On February 20, 2015, the FDA issued a Warning Letter to Encompas Unlimited, Inc. following an inspection from November 10-18, 2014, which found their medical devices (50 Endo Scrub, Adult Best Bite Block, Atypia Upper Endoscopy Headrest, Endoscopy Wedge) to be adulterated. The firm's manufacturing, packing, storage, or installation methods did not conform to Quality System (QS) regulation (21 CFR Part 820).
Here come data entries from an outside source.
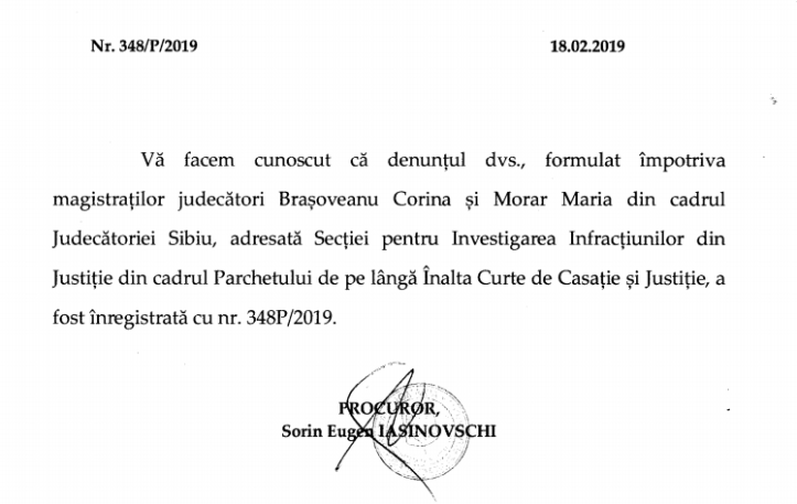 In urma unui denunt al Asociatiei Civice Solidaritatea Hunedoara impotriva celor doua judecatoare, initial s-a deschis un dosar penal la Parchetul General, care apoi a fost declinat la DIICOT, de unde ulterior a fost declinat la SIIJ.
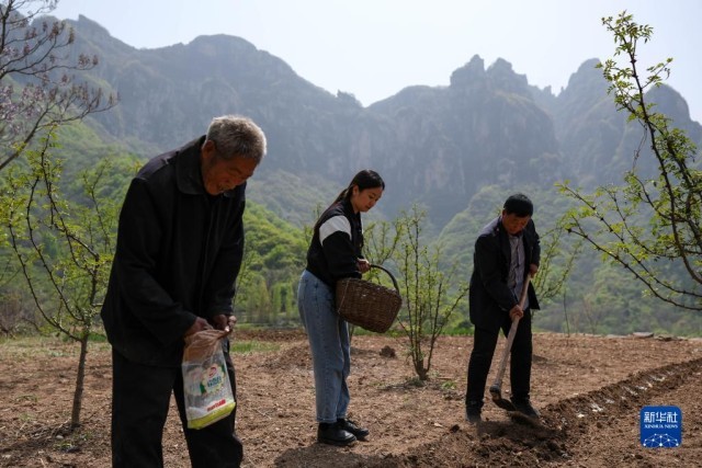 陈晓丽(中)协助村民马云昌(右)种土豆(4月18日摄)。新华社记者 张铖 摄
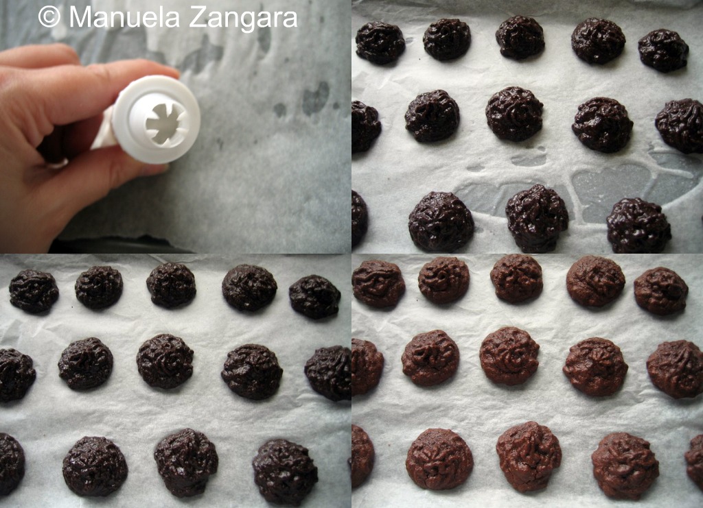 Pipe this mixture with a piping bag on cookie sheets covered with baking paper (I used a decorative nozzle). Let them rest at room temperature overnight, then bake them in a preheated fan forced oven at 190°C – 375ºF for about 6-7 minutes. When ready, let them cool down completely on the cookie sheets before trying to detach them or they will break.
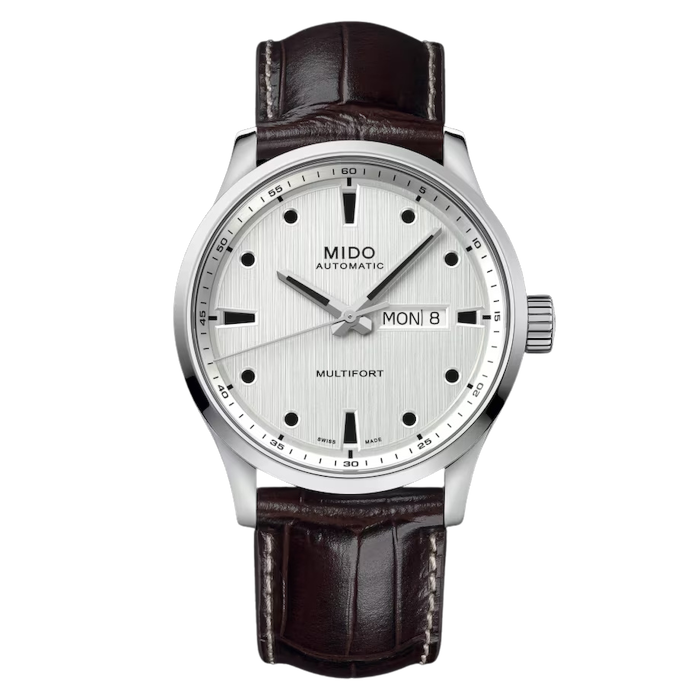 Sul quadrante sfumato del Multifort M, una finitura satinata verticale richiama le Côtes de Genève caratteristiche della collezione. L'immacolata Super-LumiNova® crea contrasto e leggibilità sulle lancette e sugli indici rotondi. La leggendaria robustezza del Multifort batte al ritmo del famoso Calibro 80. La sua riserva di carica fino a 80 ore è abbinata a una spirale in Nivachron™, un materiale rivoluzionario che offre una precisione formidabile. MIDO propone il Multifort M con un sistema di cambio del cinturino senza attrezzi, in versione acciaio o tessuto su base di gomma.
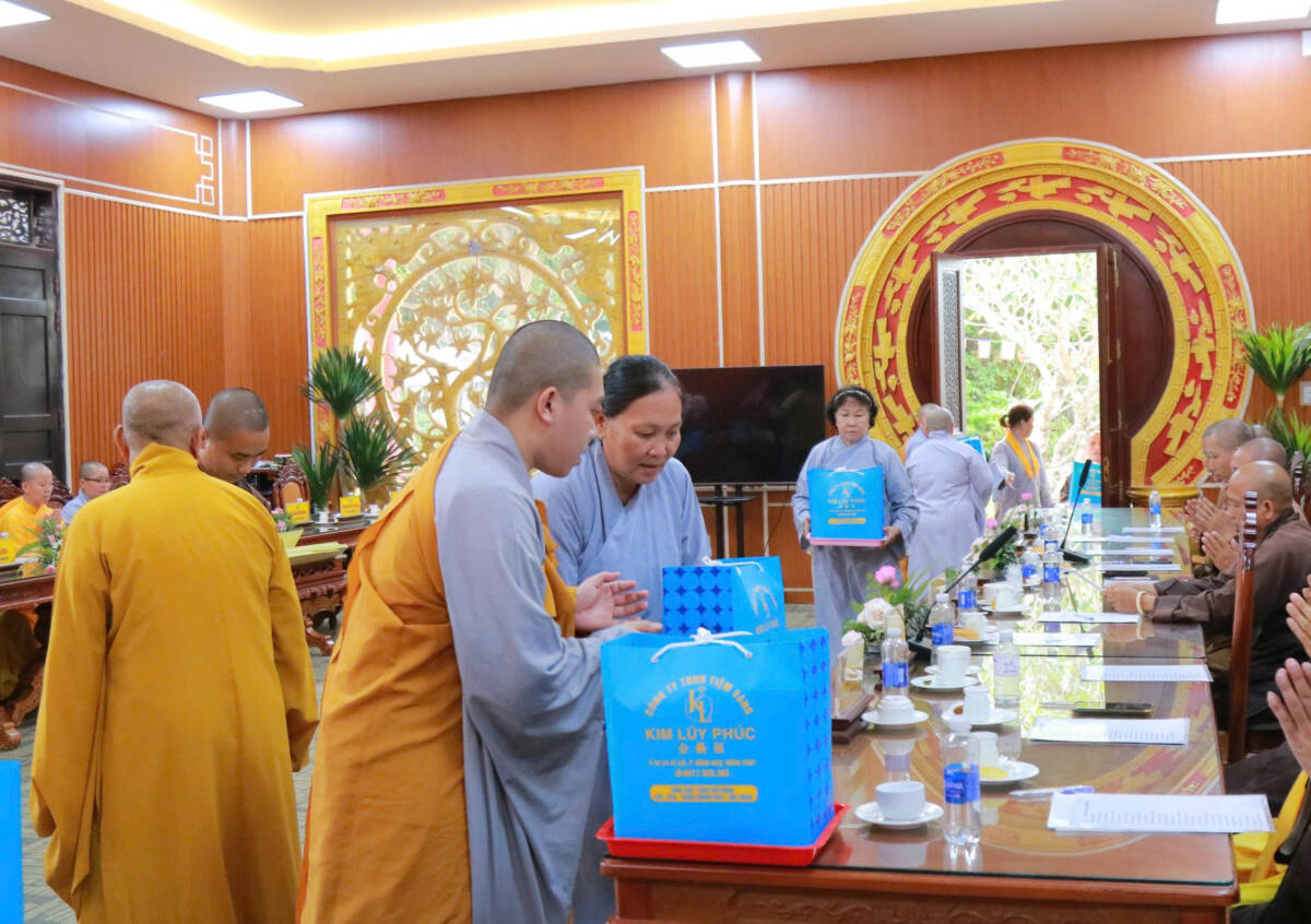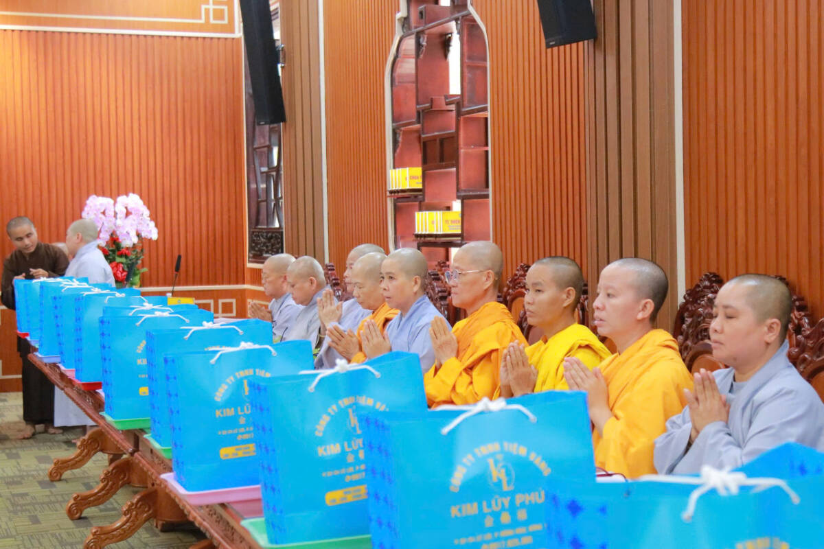 Kết thúc phiên họp, trong không khí trang nghiêm và đầy hoan hỷ, chư Tăng Ni, Phật tử, gia đình Phật tử Kim Lũy Phúc đã phát tâm cúng dường tịnh tài, tứ sự, góp phần tăng trưởng đạo tâm và công đức lành đến đại chúng ở vùng bị thiên tai.
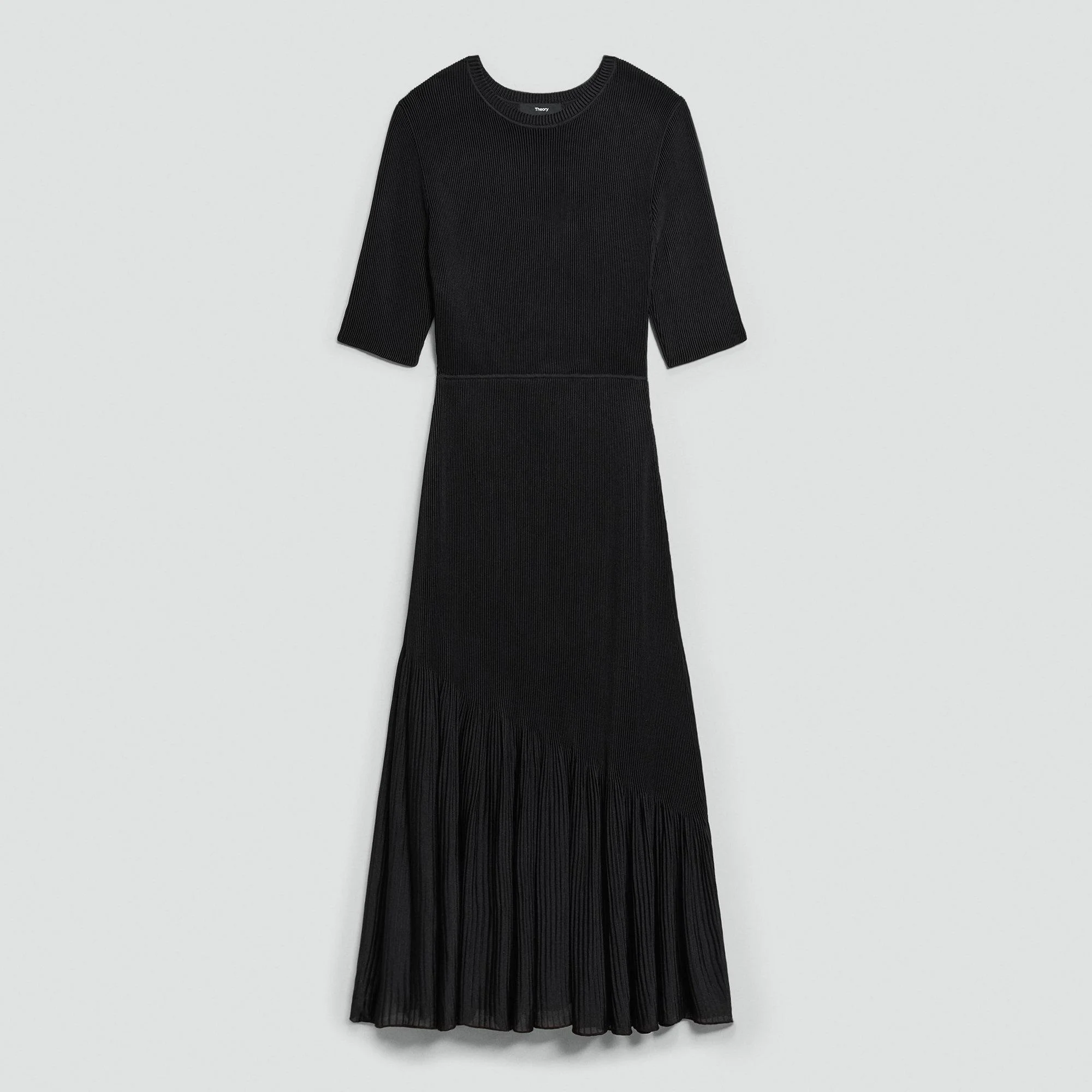 Please enter your email below to be notified when this item is in stock This knit midi dress features a crew neckline, short sleeves, and ribbed paneling. An asymmetrical seam details the straight, flowy hem. Inspired by flexible athletic wear, the fabric is a stretchy rayon yarn made from certified pre-consumer recycled materials. Style #: P1116703 Please enter your email below to be notified when this item is in stock Materials & Care Composition 94% rayon 5% nylon 1% spandex Care Do not wash. Do not bleach. Do not tumble dry. Cool iron if needed. Dry clean with any solvent except trichloroethylene. Imported

Key violations include: 1. **Failure to adequately establish and maintain CAPA procedures (21 CFR 820.100(a))**: Procedures lacked requirements for verifying/validating actions and investigating problem causes. This was a repeat observation from March 3, 2011. 2. **Failure to maintain complaint files and procedures (21 CFR 820.198(a))**: Procedures did not ensure evaluation for Medical Device Report (MDR) requirements. 3. **Failure to establish procedures for receiving or finished product acceptance (21 CFR 820.80)**: Inadequate procedures for receiving inspection of components, a repeat observation. 4. **Failure to adequately establish procedures to control nonconforming product (21 CFR 820.90(a))**: Procedures for nonconforming ES-50

Company: Encompas Unlimited, Inc.
Inspection Date: November 18, 2014
Product Type: Devices
Office: Florida District Office
People: Marybeth D. Flynn
Susan M. Turcovski (Deputy Program Director)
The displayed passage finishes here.